**TRY IT:**
Copy out the data exactly as it appears, without a single image.

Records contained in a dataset

━━━━━━━━━━━━━━━━━━━━

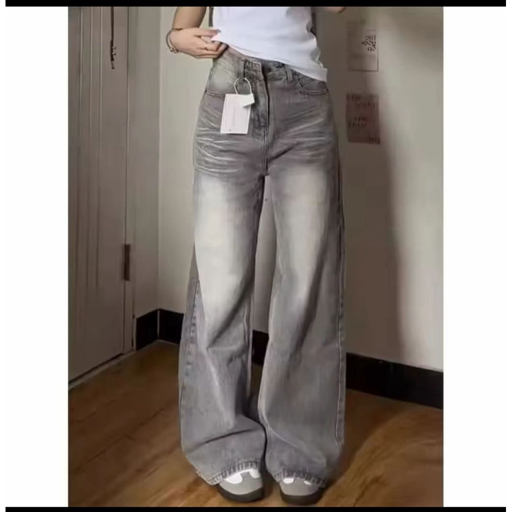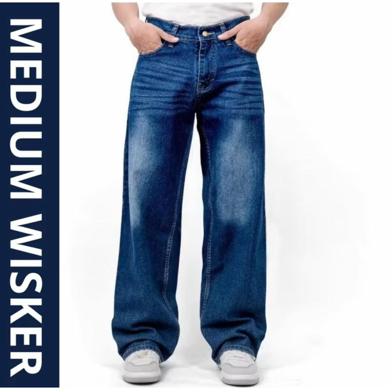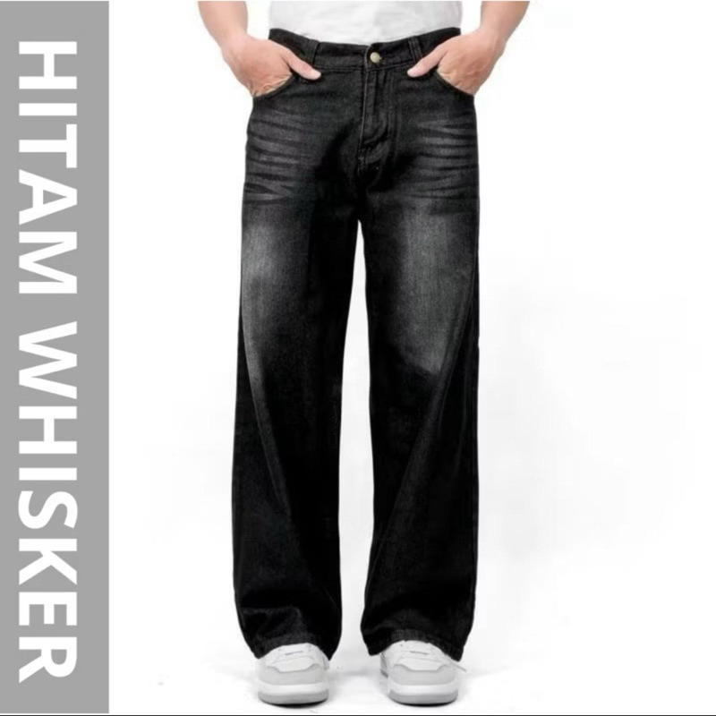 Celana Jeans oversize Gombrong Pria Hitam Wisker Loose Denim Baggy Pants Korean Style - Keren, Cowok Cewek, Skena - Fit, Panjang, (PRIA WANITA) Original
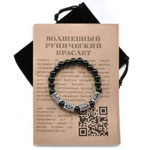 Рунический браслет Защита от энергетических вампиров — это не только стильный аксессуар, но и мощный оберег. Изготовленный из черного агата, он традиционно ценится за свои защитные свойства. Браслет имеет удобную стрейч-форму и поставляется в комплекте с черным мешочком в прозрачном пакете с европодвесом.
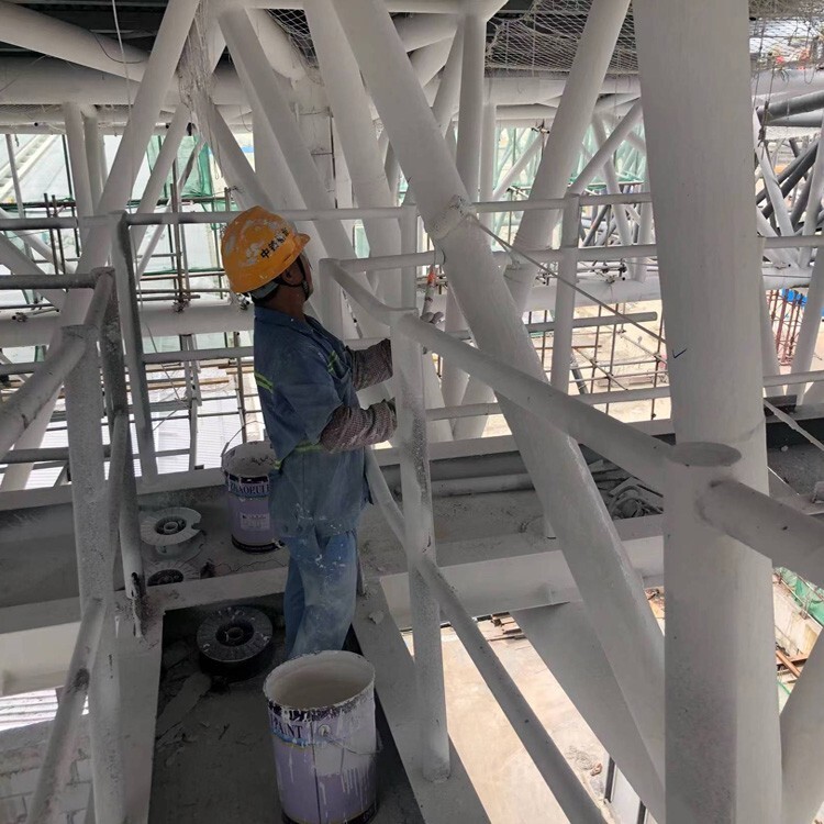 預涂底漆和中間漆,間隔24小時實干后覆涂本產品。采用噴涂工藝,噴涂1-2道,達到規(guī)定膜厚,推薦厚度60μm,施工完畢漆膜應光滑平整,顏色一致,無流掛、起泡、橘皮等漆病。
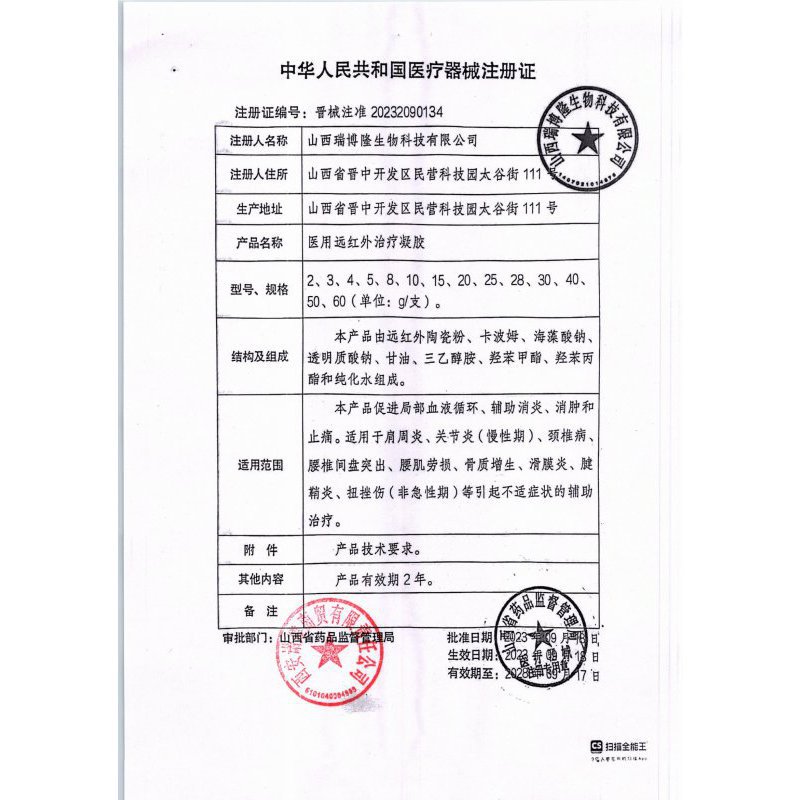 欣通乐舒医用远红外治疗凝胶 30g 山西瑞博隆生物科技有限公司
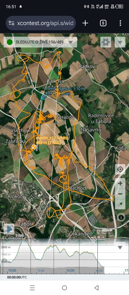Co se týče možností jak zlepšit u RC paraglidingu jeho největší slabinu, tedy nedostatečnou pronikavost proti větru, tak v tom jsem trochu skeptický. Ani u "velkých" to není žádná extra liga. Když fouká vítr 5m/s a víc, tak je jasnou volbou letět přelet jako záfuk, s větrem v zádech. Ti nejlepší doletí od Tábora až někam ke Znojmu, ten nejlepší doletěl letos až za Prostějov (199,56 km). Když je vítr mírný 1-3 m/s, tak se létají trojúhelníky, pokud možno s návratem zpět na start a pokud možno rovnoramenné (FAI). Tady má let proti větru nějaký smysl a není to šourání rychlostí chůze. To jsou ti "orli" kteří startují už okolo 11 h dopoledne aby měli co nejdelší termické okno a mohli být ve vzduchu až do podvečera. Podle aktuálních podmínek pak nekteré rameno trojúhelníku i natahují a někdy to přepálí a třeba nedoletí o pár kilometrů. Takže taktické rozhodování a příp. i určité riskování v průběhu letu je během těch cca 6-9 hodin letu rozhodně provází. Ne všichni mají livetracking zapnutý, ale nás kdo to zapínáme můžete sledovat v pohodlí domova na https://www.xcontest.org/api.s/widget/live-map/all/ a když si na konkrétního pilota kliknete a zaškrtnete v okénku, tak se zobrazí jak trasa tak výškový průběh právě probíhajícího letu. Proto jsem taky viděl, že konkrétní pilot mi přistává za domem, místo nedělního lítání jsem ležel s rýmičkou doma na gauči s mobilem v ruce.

━━━━━━━━━━━━━━━━━━━━

**RESULT FOR THIS TASK:**
 Celana Jeans oversize Gombrong Pria Hitam Wisker Loose Denim Baggy Pants Korean Style - Keren, Cowok Cewek, Skena - Fit, Panjang, (PRIA WANITA) Original
 Рунический браслет Защита от энергетических вампиров — это не только стильный аксессуар, но и мощный оберег. Изготовленный из черного агата, он традиционно ценится за свои защитные свойства. Браслет имеет удобную стрейч-форму и поставляется в комплекте с черным мешочком в прозрачном пакете с европодвесом.
 預涂底漆和中間漆,間隔24小時實干后覆涂本產品。采用噴涂工藝,噴涂1-2道,達到規(guī)定膜厚,推薦厚度60μm,施工完畢漆膜應光滑平整,顏色一致,無流掛、起泡、橘皮等漆病。
 欣通乐舒医用远红外治疗凝胶 30g 山西瑞博隆生物科技有限公司
Co se týče možností jak zlepšit u RC paraglidingu jeho největší slabinu, tedy nedostatečnou pronikavost proti větru, tak v tom jsem trochu skeptický. Ani u "velkých" to není žádná extra liga. Když fouká vítr 5m/s a víc, tak je jasnou volbou letět přelet jako záfuk, s větrem v zádech. Ti nejlepší doletí od Tábora až někam ke Znojmu, ten nejlepší doletěl letos až za Prostějov (199,56 km). Když je vítr mírný 1-3 m/s, tak se létají trojúhelníky, pokud možno s návratem zpět na start a pokud možno rovnoramenné (FAI). Tady má let proti větru nějaký smysl a není to šourání rychlostí chůze. To jsou ti "orli" kteří startují už okolo 11 h dopoledne aby měli co nejdelší termické okno a mohli být ve vzduchu až do podvečera. Podle aktuálních podmínek pak nekteré rameno trojúhelníku i natahují a někdy to přepálí a třeba nedoletí o pár kilometrů. Takže taktické rozhodování a příp. i určité riskování v průběhu letu je během těch cca 6-9 hodin letu rozhodně provází. Ne všichni mají livetracking zapnutý, ale nás kdo to zapínáme můžete sledovat v pohodlí domova na https://www.xcontest.org/api.s/widget/live-map/all/ a když si na konkrétního pilota kliknete a zaškrtnete v okénku, tak se zobrazí jak trasa tak výškový průběh právě probíhajícího letu. Proto jsem taky viděl, že konkrétní pilot mi přistává za domem, místo nedělního lítání jsem ležel s rýmičkou doma na gauči s mobilem v ruce.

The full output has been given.